The North Greenwood Library is a public library in the North Greenwood neighborhood of Clearwater, Florida. It is part of the Clearwater Library System which, in turn, is part of the Pinellas Public Library Cooperative. Located at 905 N Martin Luther King Jr. Ave, its current Branch Manager is Christa Smith.

== Services ==
The North Greenwood Library's patrons can check out a variety of materials including books, magazines, DVDs, Blu-rays, video games, and a ukulele kit. There is a computer lab with free internet access and free Wi-Fi throughout the library. For non library members, there are two 15 minute express computers. The library offers paid copy and scanning services. It does not have a fax machine. The library has one community room that is used for programs and can be reserved through the online calendar. The newly renovated children's area has Lego tables and coloring areas as well as coloring materials. There is a high definition television that kids can use to watch G or PG rated DVDs and Blu-rays with librarian permission. Also with librarian permission, children are allowed to use a video game console to play video games using the television. All books are free to be read inside the library without needing to be checked out. With a library card issued from North Greenwood and other Clearwater Libraries, patrons have access to online applications and materials such as Libby (service), Pronunciator, Zinio, 3M, and Hoopla.

== History ==
During the 1940s, the black community felt that they should have a library for their children and the future generations. In 1949, Horace Carson, a Clearwater resident and African-American civic leader, initiated a project to convince the City Commission to bring a library to the community. The City Commission agreed to fund a library as long as the community found a building and librarian willing to work there. The library, simply referred to as the "Negro Library", first opened on March 15, 1950 on the corner of Pennsylvania and Cedar Street in a rented building space. Christine Wigfall Morris was the librarian who first opened the doors of the library and was the first black Librarian to work in Clearwater, Fl.

The library, loved by both the community and "Miss Chris", outgrew its rented space so a building was officially built for the collection on Palmetto street. The new building, named the Northeast Library and designed by Eugene Beach, was meant to be run by a single librarian— Christine Morris. It opened in September, 1962 with a collection of 15,000 books. Christine Morris worked tirelessly to keep the library open acting as not only a librarian, but also janitor and community counselor. It was not until 1983, after Morris' retirement, that the library received its current name of North Greenwood Library.

In 1970 the "Edward Allen Henry Jr. Special Collection on Negro Culture and History" was added to the library. In 2002 the special collection's name was changed to "The Christine Wigfall Morris African American Collection" in honor of her decades of work and dedication to the library and the community. In an interview, Christine Morris commented that the community believed the whole library should be named in her honor but the city said she would have to be deceased in order for it to be allowed. She preferred to be alive and see the collection named after herself than to be dead and not see the whole building named.

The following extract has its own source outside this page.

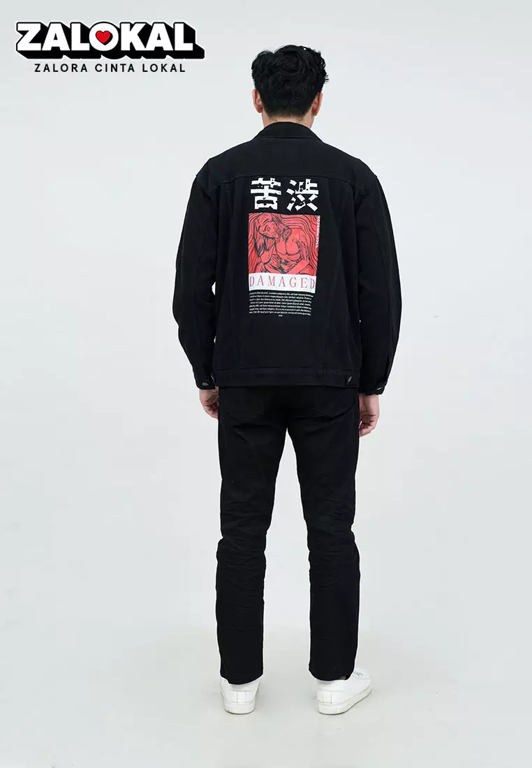 Houseofcuff Jaket Jeans Denim Hitam Tebal Pria Unisex Damaged

North Greenwood's current location at the corner of N. Martin Luther King Jr. Ave and Palmetto St was built in 2002. Its grand opening was January 18, 2003.

2009 proved to be a worrisome year for North Greenwood Library, as well as East Library, as budget cuts threatened to close the facility and move the collection to a space inside the North Greenwood Recreation center. In protest of closing the library, the NAACP and local ministers staged marches to save the library. After two months of debate, protests, and voting, it was decided that taxes would be raised and the libraries would stay open but with reduced hours. While many people disagreed with the tax increase, one counsel member remarked how surprised she was that so many of her constituents were willing to accept the tax increase if it meant the libraries stayed open.